In Israel, by comparison, not only have employers managed to save themselves the expense of health care, they also pay less National Insurance than their employees do. Earlier this year, the State Revenue Division compared the tax burden in Israel to that in OECD countries and found major discrepancies. The largest one involved employers' National Insurance payments. On average, payments by OECD employers equalled 5% of GDP. In Europe, they equalled 7.1% of GDP. In Israel, however, they were only 1.4%.

Long before the social welfare protests and the Trajtenberg committee, the Finance Ministry sought to fix this. After employers' taxes were cut to the current level back in 2004, the NII lost NIS 12 billion in income. Now seemed like a great time to fix it.
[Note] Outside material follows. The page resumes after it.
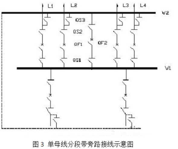單母線系統(tǒng)分段帶旁路接線:檢修出線斷路器,不致中斷該回路供電。見圖3。
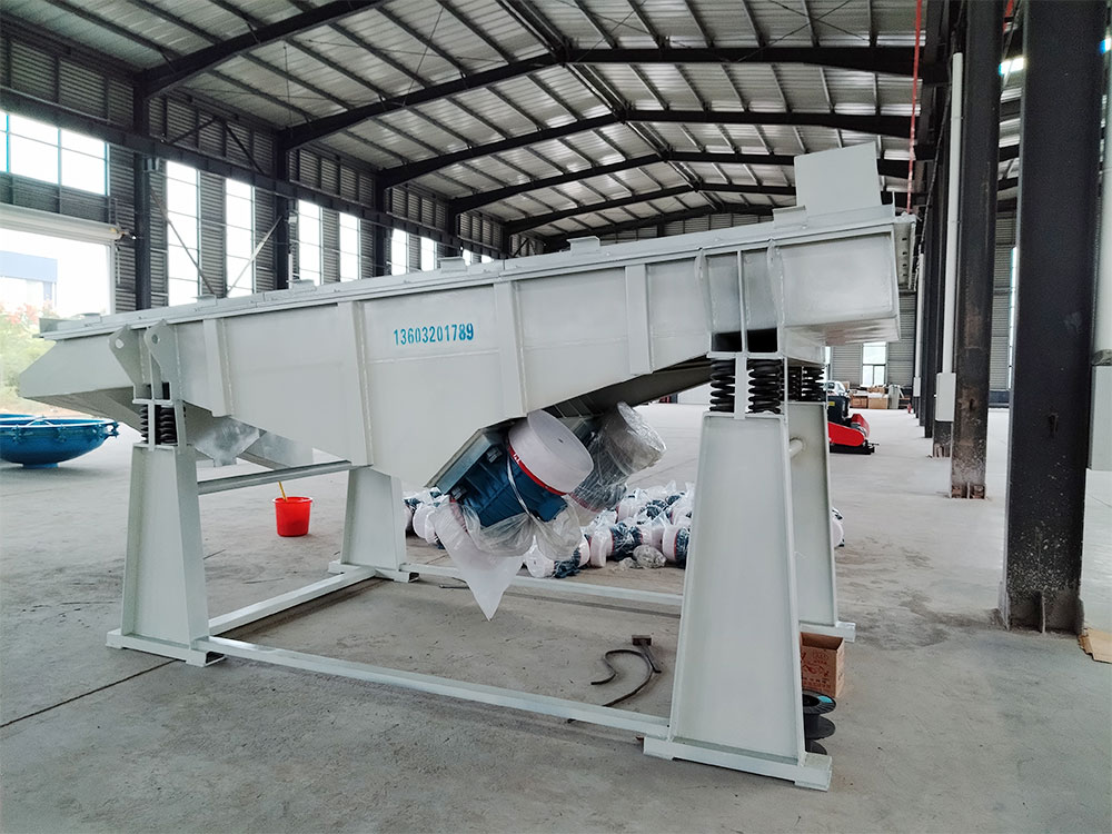 產(chǎn)品描述: 用于煤炭、水電、礦山、建材、化工、塑料、磨料、醫(yī)藥、糧食、炭素、化肥等行的設備 直線篩(直線振動篩)利用振動電機激振作為振動源,使物料在篩網(wǎng)上被拋起,同時向前作直線運動,物料從給料機均勻地進入篩分機的進料口,通過多層篩網(wǎng)產(chǎn)生數(shù)種規(guī)格的篩上物、篩下物、分別從各自的出口排出。具有耗能低、產(chǎn)量高、結構簡單、易維修、全封閉結構,無粉塵溢散,自動排料,更適合于流水線作業(yè)?! 」ぷ髟怼 SG系列振動篩工作時,兩電機同步反向旋轉(zhuǎn)使激振器產(chǎn)生反向激振力,迫使篩體帶動篩網(wǎng)做縱向運動,使其上的物料受激振力而周期性向前拋出一個射程,從而完成物料篩分作業(yè). 直線振動篩是雙振動電機驅(qū)動。當兩臺振動電機做同步、反缶旋轉(zhuǎn)時,其偏心塊所產(chǎn)生的激振力在平行于電機軸線的方向相互抵消,在垂直于電機軸的方向疊為一合力,因此篩機的運動軌跡為一直線。兩電機軸相對篩面有一傾角,在激振力和物料自重力的合力作用下,物料在篩面上被拋起跳躍式向前作直線運動,從而達到對物料進行篩選和分級的目的。適用于粒度在0.074-5mm、含水量小于70%、無粘性的各種干式粉狀物料的篩分。給料粒度不大于10mm?! ZSF直線振動篩主要特點及適于行業(yè): 篩分精度高、處理量大、結構簡單、耗能少、噪音低、篩網(wǎng)使用壽命長、密封性好、極少粉塵溢散、維修方便、可用于流水線生產(chǎn)中的自動化作業(yè)?! V泛應用于化工、食品、塑料、醫(yī)藥、冶金、玻璃、建材、糧食、化肥、磨料、陶瓷等行業(yè)中干式粉狀或顆粒狀物料的篩分。 基本特點 穩(wěn)定可靠、消耗少、噪音低、壽命長、振型穩(wěn)、篩分效率高等?! ZSF直線振動篩主要特點: 1、密封性好、極少粉塵溢散。 2、耗能少、噪音低、篩網(wǎng)使用壽命長?! ?、篩分精度高、處理量大、結構簡單?! ?、全封閉結構、自動排料、更適合于流水線作業(yè)?! ?、篩體各部分均采用扎制鋼板及型材焊接而成(部分組體間為螺栓連接)整體剛度好,牢固可靠。

Pressure from industrialists - led by Manufacturers Association of Israel head Shraga Brosh - led to this plan being dropped, of course. Brosh told Netanyahu, Finance Minister Yuval Steinitz and others that it wasn't wise to take NIS 2.5 billion from employers amid a global financial crisis, and that doing so would lead to layoffs. He also argued that the cost would be passed on to consumers, particularly by government monopolies such as the electricity and water utilities. That last argument is particularly interesting because, in a competitive market, businesses should not be able to raise prices simply because their costs increased.

Brosh's final argument won over Netanyahu: What's the point in shaking employers now just in order to avoid an actuary debt in the future? The actuary debt can wait for rosier times.

Apparently it was easy to convince Netanyahu. Increasing National Insurance payments clearly would not bring the government immediate public appreciation. Why push through the plan just to ensure that the NII would have money to pay pensions in the future? The future is far away. Apparently the NII will be waiting a long time for salvation.